Plain weave
The simplest weave structure — each weft yarn passes over and under alternating warp yarns. Used for poplin, broadcloth, canvas, and many shirting fabrics.
Plain weave (sometimes "tabby" weave) is the foundational textile structure: weft over one, under one, alternating across the row. It produces a balanced, flat surface with no diagonal pattern.
Most shirting fabrics are plain weave variants. Poplin is a fine, smooth plain weave often used for dress shirts. Broadcloth is similar but slightly heavier. Canvas is a coarser, heavier plain weave used for tote bags, deck chairs, and chore coats. Voile is a very light plain weave used in summer shirting.

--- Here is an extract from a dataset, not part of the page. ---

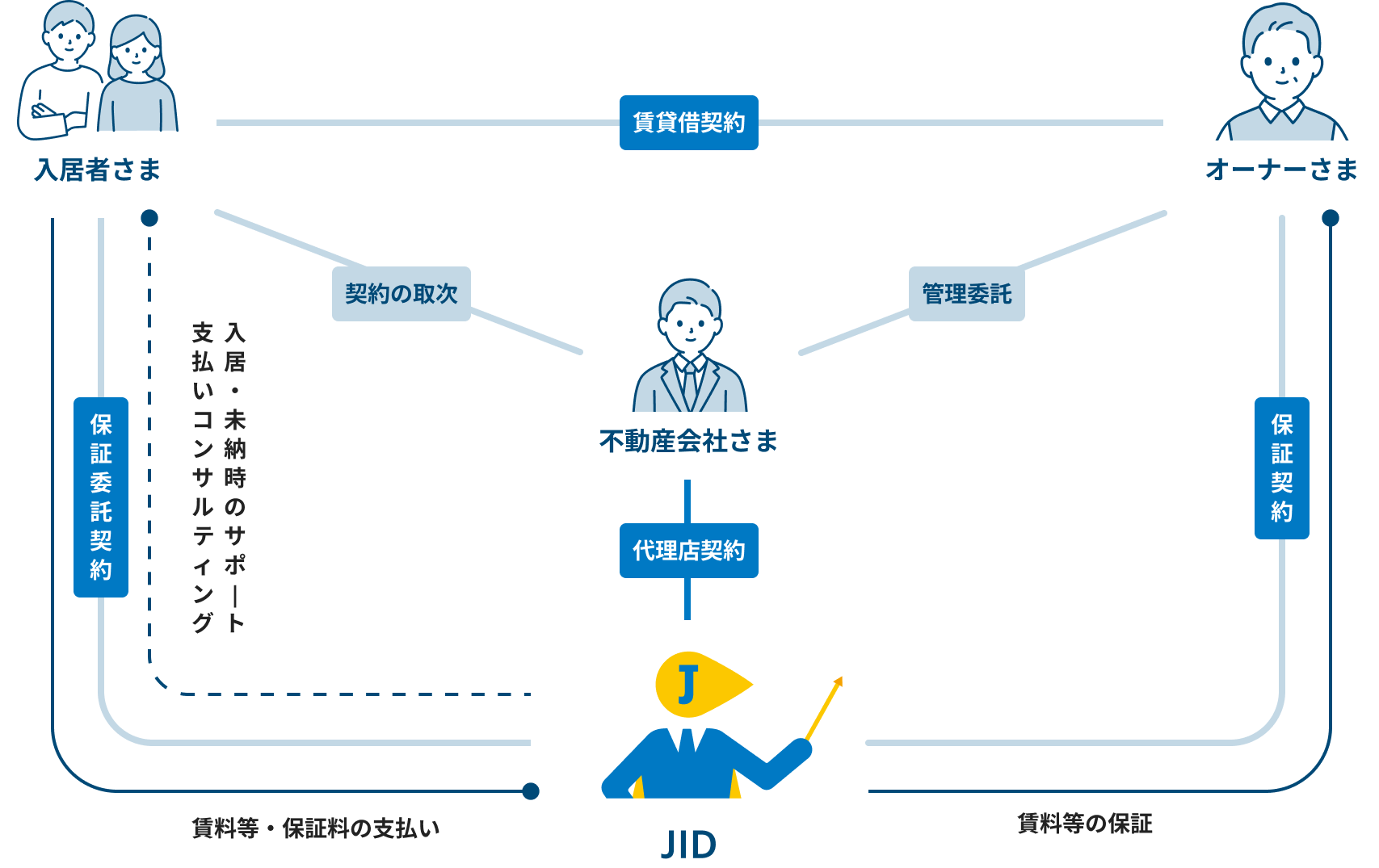 JIDの賃貸保証は連帯保証人を専門機関が代行し、家賃最大24か月立替などで高い信用力を発揮。オーナーさまは多様な入居者さまを安心して迎えられ、入居者さまは保証人探し不要で職業・年齢・国籍を問わずスムーズに入居可能。物件価値と稼働率向上、安定経営に寄与します。

Versus twill: plain weave is flatter, more breathable, more transparent at light weights. Twill is denser, more drapey, more durable at the same weight. Both have a place in menswear; the choice depends on what the garment needs to do.
Chambray
A plain-weave cotton fabric with a colored warp + white weft, producing a denim-adjacent appearance. Lighter, softer, and much less durable than denim.
Oxford cloth
A basket-weave cotton fabric — two yarns woven together as one — producing a soft, slightly textured surface common in casual button-downs.
Twill weave
A weave structure that creates diagonal lines across the fabric. Used for denim, chinos, gabardine, and most workwear pants.